» SOURCE DATA:
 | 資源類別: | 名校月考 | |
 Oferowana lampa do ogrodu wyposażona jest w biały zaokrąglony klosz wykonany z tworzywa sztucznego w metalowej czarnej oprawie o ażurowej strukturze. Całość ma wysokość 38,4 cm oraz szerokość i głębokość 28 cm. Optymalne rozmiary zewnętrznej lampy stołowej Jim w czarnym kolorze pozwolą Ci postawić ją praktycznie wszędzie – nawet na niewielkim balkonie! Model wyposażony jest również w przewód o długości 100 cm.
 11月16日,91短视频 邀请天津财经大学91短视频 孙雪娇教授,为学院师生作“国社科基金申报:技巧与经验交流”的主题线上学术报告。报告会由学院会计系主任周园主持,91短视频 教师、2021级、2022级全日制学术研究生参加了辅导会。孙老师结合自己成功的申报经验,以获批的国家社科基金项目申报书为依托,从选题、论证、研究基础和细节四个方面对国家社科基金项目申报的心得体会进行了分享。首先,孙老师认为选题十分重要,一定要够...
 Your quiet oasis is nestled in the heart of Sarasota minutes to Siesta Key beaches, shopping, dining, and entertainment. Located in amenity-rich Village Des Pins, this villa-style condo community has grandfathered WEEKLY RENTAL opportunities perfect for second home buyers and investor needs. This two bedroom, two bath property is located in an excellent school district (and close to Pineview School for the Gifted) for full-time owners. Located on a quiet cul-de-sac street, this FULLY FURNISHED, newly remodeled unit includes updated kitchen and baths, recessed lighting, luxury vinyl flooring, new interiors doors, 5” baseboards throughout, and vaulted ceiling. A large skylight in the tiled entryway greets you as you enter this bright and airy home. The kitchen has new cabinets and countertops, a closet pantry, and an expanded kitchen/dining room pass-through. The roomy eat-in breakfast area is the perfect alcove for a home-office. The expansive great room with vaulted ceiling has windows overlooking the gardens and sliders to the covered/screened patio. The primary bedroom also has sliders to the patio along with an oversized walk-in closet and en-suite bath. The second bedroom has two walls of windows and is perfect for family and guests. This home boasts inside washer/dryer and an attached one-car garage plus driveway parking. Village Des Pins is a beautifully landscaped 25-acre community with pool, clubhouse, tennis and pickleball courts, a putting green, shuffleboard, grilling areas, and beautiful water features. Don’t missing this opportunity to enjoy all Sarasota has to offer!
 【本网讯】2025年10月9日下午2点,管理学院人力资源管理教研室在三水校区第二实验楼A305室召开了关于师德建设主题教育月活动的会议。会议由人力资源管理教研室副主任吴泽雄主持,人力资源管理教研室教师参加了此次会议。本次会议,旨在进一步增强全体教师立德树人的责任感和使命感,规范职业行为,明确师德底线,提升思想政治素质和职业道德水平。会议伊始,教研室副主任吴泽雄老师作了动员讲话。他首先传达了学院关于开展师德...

» TO DO: Return the entries above, every line intact.

» COMPLETED TASK:
 | 資源類別: | 名校月考 | |
 Oferowana lampa do ogrodu wyposażona jest w biały zaokrąglony klosz wykonany z tworzywa sztucznego w metalowej czarnej oprawie o ażurowej strukturze. Całość ma wysokość 38,4 cm oraz szerokość i głębokość 28 cm. Optymalne rozmiary zewnętrznej lampy stołowej Jim w czarnym kolorze pozwolą Ci postawić ją praktycznie wszędzie – nawet na niewielkim balkonie! Model wyposażony jest również w przewód o długości 100 cm.
 11月16日,91短视频 邀请天津财经大学91短视频 孙雪娇教授,为学院师生作“国社科基金申报:技巧与经验交流”的主题线上学术报告。报告会由学院会计系主任周园主持,91短视频 教师、2021级、2022级全日制学术研究生参加了辅导会。孙老师结合自己成功的申报经验,以获批的国家社科基金项目申报书为依托,从选题、论证、研究基础和细节四个方面对国家社科基金项目申报的心得体会进行了分享。首先,孙老师认为选题十分重要,一定要够...
 Your quiet oasis is nestled in the heart of Sarasota minutes to Siesta Key beaches, shopping, dining, and entertainment. Located in amenity-rich Village Des Pins, this villa-style condo community has grandfathered WEEKLY RENTAL opportunities perfect for second home buyers and investor needs. This two bedroom, two bath property is located in an excellent school district (and close to Pineview School for the Gifted) for full-time owners. Located on a quiet cul-de-sac street, this FULLY FURNISHED, newly remodeled unit includes updated kitchen and baths, recessed lighting, luxury vinyl flooring, new interiors doors, 5” baseboards throughout, and vaulted ceiling. A large skylight in the tiled entryway greets you as you enter this bright and airy home. The kitchen has new cabinets and countertops, a closet pantry, and an expanded kitchen/dining room pass-through. The roomy eat-in breakfast area is the perfect alcove for a home-office. The expansive great room with vaulted ceiling has windows overlooking the gardens and sliders to the covered/screened patio. The primary bedroom also has sliders to the patio along with an oversized walk-in closet and en-suite bath. The second bedroom has two walls of windows and is perfect for family and guests. This home boasts inside washer/dryer and an attached one-car garage plus driveway parking. Village Des Pins is a beautifully landscaped 25-acre community with pool, clubhouse, tennis and pickleball courts, a putting green, shuffleboard, grilling areas, and beautiful water features. Don’t missing this opportunity to enjoy all Sarasota has to offer!
 【本网讯】2025年10月9日下午2点,管理学院人力资源管理教研室在三水校区第二实验楼A305室召开了关于师德建设主题教育月活动的会议。会议由人力资源管理教研室副主任吴泽雄主持,人力资源管理教研室教师参加了此次会议。本次会议,旨在进一步增强全体教师立德树人的责任感和使命感,规范职业行为,明确师德底线,提升思想政治素质和职业道德水平。会议伊始,教研室副主任吴泽雄老师作了动员讲话。他首先传达了学院关于开展师德...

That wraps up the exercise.